Problem details: Restate word for word the material below, starting at the line that contains "This modern luxury" and stopping after the last line; skip pictures.

Available data:
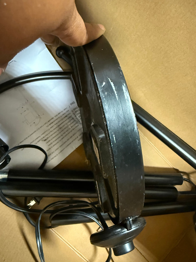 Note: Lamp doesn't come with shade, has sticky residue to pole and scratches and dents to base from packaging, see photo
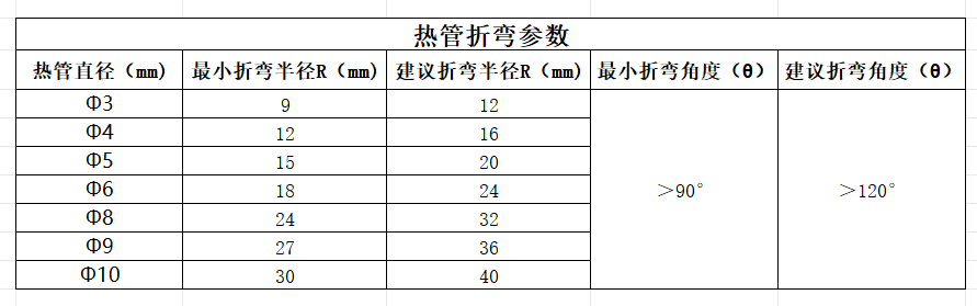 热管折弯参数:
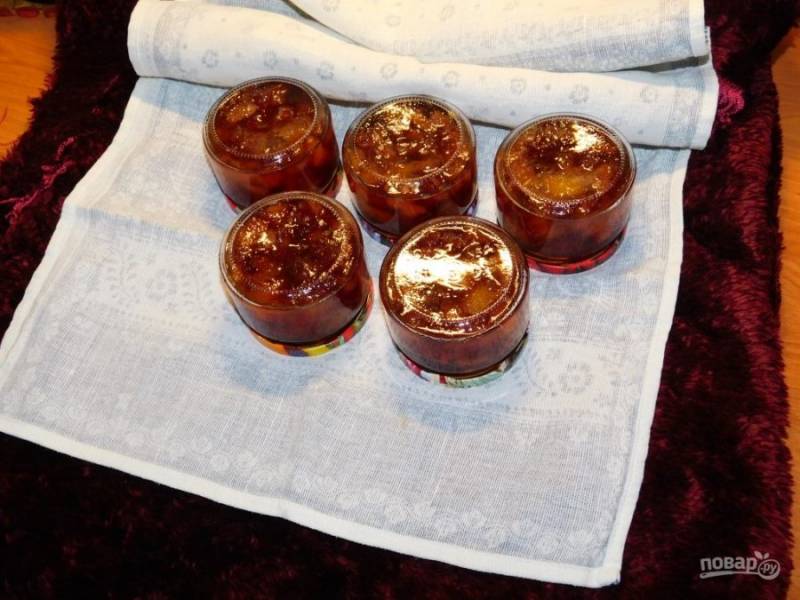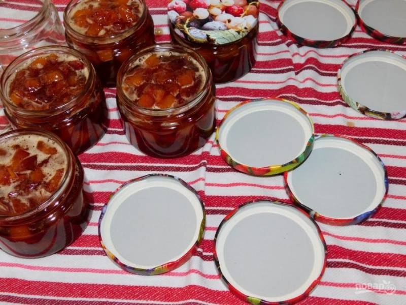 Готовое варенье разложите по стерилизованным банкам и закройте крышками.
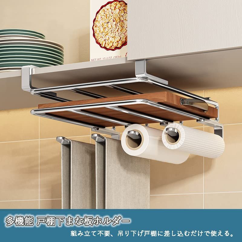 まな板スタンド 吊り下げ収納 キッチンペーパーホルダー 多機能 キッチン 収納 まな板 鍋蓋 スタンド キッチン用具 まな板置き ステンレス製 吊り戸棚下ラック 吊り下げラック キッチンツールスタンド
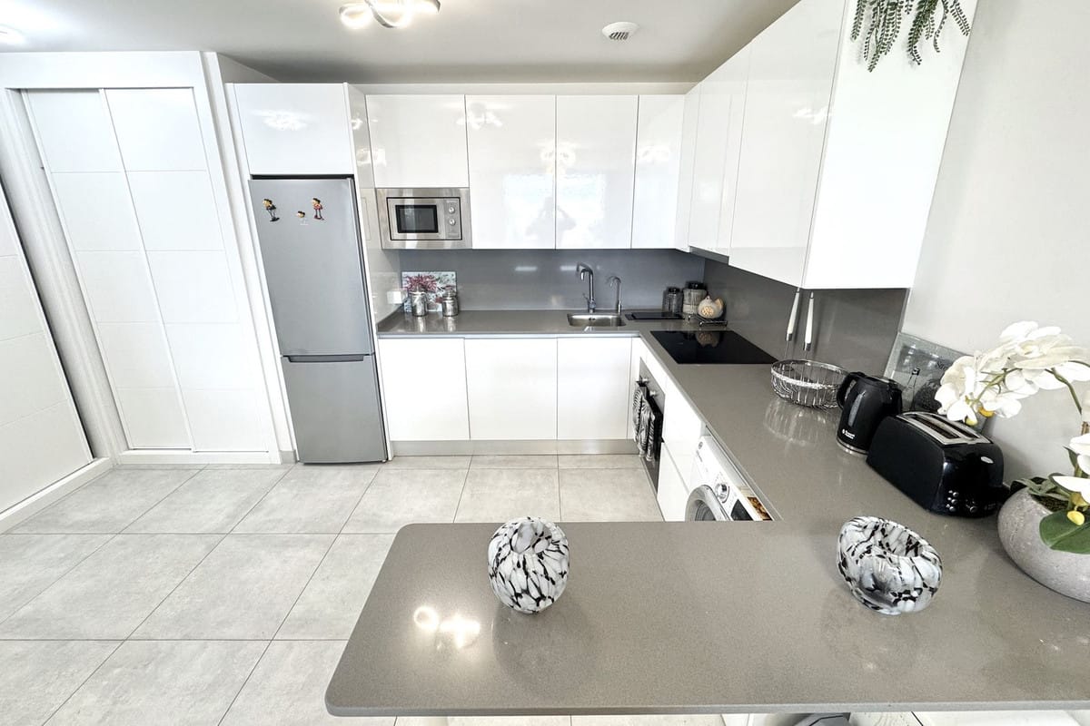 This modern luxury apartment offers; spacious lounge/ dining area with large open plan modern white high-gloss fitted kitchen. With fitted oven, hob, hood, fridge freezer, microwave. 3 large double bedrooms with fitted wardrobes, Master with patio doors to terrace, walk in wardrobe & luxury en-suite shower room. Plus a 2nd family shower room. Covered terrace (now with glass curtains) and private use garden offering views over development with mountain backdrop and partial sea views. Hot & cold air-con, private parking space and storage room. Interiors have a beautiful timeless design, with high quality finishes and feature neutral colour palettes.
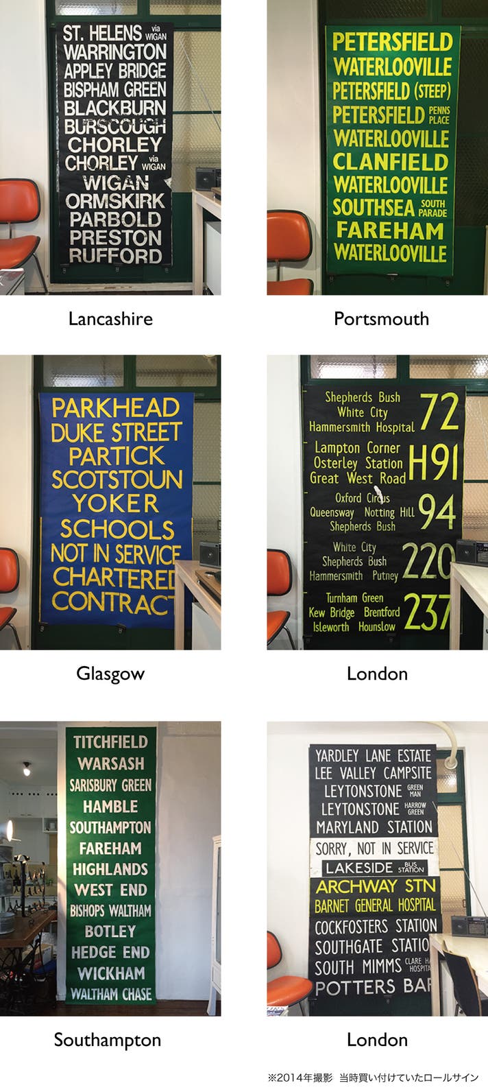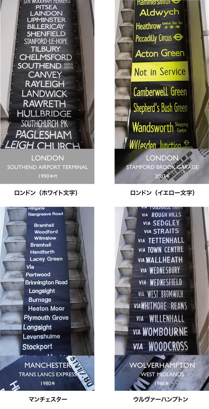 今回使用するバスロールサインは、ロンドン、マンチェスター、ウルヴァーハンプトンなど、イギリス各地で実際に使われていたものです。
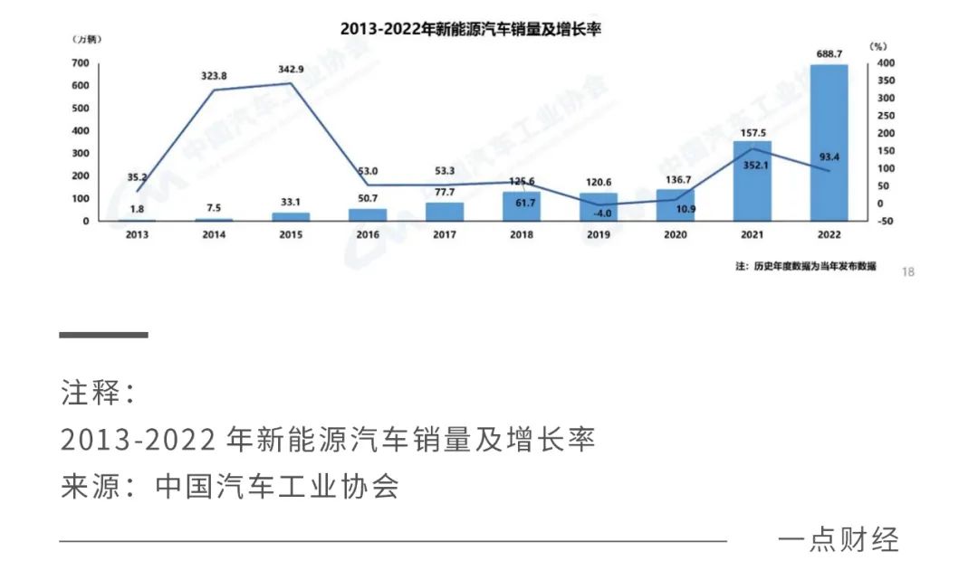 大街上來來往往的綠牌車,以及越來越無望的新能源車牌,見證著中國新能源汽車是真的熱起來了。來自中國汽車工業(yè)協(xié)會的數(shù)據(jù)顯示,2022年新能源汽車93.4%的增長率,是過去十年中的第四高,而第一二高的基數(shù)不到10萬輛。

Solution for this task:
 This modern luxury apartment offers; spacious lounge/ dining area with large open plan modern white high-gloss fitted kitchen. With fitted oven, hob, hood, fridge freezer, microwave. 3 large double bedrooms with fitted wardrobes, Master with patio doors to terrace, walk in wardrobe & luxury en-suite shower room. Plus a 2nd family shower room. Covered terrace (now with glass curtains) and private use garden offering views over development with mountain backdrop and partial sea views. Hot & cold air-con, private parking space and storage room. Interiors have a beautiful timeless design, with high quality finishes and feature neutral colour palettes.
 今回使用するバスロールサインは、ロンドン、マンチェスター、ウルヴァーハンプトンなど、イギリス各地で実際に使われていたものです。
 大街上來來往往的綠牌車,以及越來越無望的新能源車牌,見證著中國新能源汽車是真的熱起來了。來自中國汽車工業(yè)協(xié)會的數(shù)據(jù)顯示,2022年新能源汽車93.4%的增長率,是過去十年中的第四高,而第一二高的基數(shù)不到10萬輛。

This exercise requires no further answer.